The value of an additional day of post-acute care in a skilled nursing facility

With ongoing efforts to improve the value of health care in the U.S. and reduce wasteful spending, we examine empirically the value tradeoffs involved in an additional day in a skilled nursing facility (SNF) after hospital discharge. To control for potential endogeneity, we use the percentage of Medicare beneficiaries enrolled in Medicare Advantage in each county-year as an instrument for individuals’ SNF length of stay among Traditional Medicare beneficiaries, as local Medicare Advantage penetration puts downward pressure on SNF length of stay for all SNF patients but does not directly affect utilization management of those enrolled in Traditional Medicare. We also test for heterogeneity in treatment effect across patients by clinical complexity and two non-health-related factors, marital status and nursing home profit status.

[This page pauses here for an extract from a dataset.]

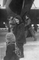 David and Isabelle Stinson at the Hankow Airport Isabelle and David Stinson (2 years old) seen from behind as they wait for their Curtiss C-46 Commando to be refueled at Hankow, enroute from Shanghai to Chongqing. Both wear winter clothes in the freezing temperatures, Isabelle in a sporty jodhpur ensemble, David is a woolen snow suit. Trucks can be seen next to the plane in the background.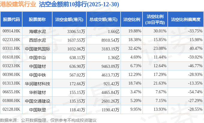从沽空金额来看,海螺水泥、西部水泥、中国建筑国际沽空金额位居行业前三,分别为3306.51万港元、1637.55万港元、1032.06万港元。

We find that one additional day in a SNF lowers short-term readmission rates, but this effect is small and heterogeneous across patient-types. The most clinically complex patients (those with the longest predicted SNF stays) benefit the most from an additional SNF day, as do patients whose stays are shorter due to non-health-related factors. The cost savings from reduced readmission rates are small and do not offset the additional SNF costs.

Citation

Werner RM, Coe NB, Qi M, Konetzka T: The value of an additional day of post-acute care in a skilled nursing facility. American Journal of Health Economics 8(4), Jul 2022.